What to do when your baby has colic.
- NEVER COMPARE! I made that fatal mistake. I’d look at new mothers going out to lunch with a sleeping newborn, going for picnics and even raising other kids! I refused to admit I needed help because, “If they can do it, so can I”.
- As with any “illness”, get it diagnosed by a professional. Had I listened to the three sleep experts and believed it was just an overtired infant, my poor baby would have been bloated, in pain and ignored.
- While Gripe water is the old school go-to for most parents, I found it did nothing to relieve the discomfort. What worked was what the doctor prescribed. Biogia probiotics, as well as Ridwind. Just a couple of drops of each daily, and within a week the creature was gone, and my daughter Lily, had returned.

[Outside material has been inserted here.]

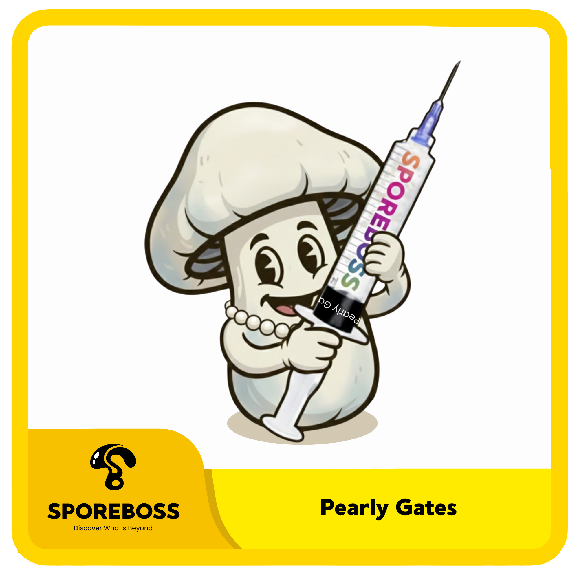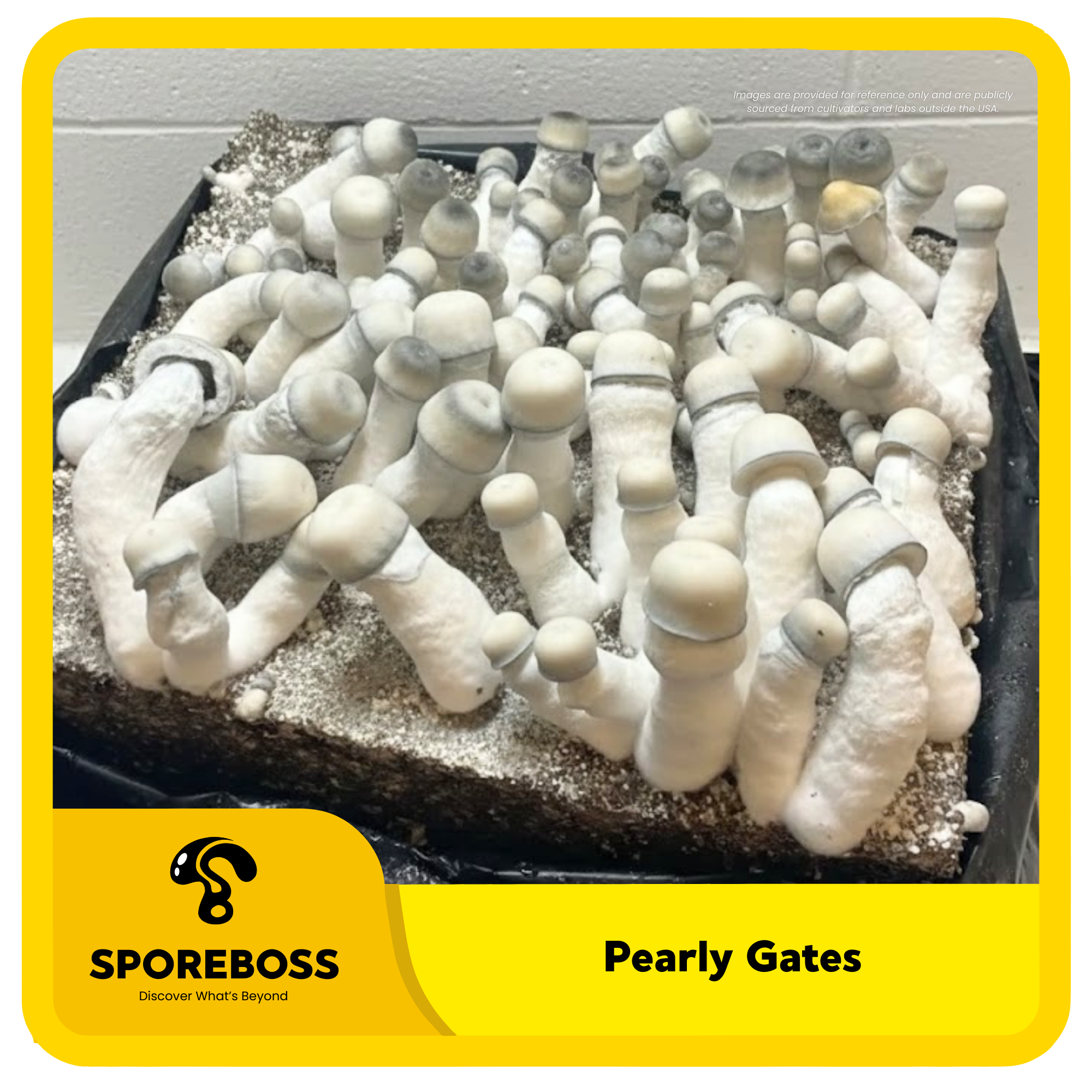 Pearly Gates cubensis is a hybrid of Melmak x True Albino Teacher. Isolated by Michael Montgomery. Pearly Gates is an albino isolation, with helmet shaped caps. The stipes are long and crinkled.

- Ask for help! Everyone has different experiences. Most of my friends’ infants took 3-4 hour naps allowing them to nap, get ahead of laundry and even cook meals. My situation just did not allow it, so I had to learn to stop denying myself help.
- Lastly, give yourself grace. Babies cry, that’s what they do. There is no direct correlation between the amount of crying and your ability to be a good parent. Taking a break from your child isn’t neglect, or shunning your motherly duties. It’s putting yourself first so you can be the super human you need to be.
I spent the next few weeks at my parent’s place. I took care of the baby still, but just having them around made a world of difference. It was having someone else to talk to, and having real human contact. Before that, I was stuck at home alone while my husband went to work, leaving me to deal with a crying baby. After about a week and a half, the creature was gone for good. Colic is a rough ride, but luckily, it doesn’t last forever.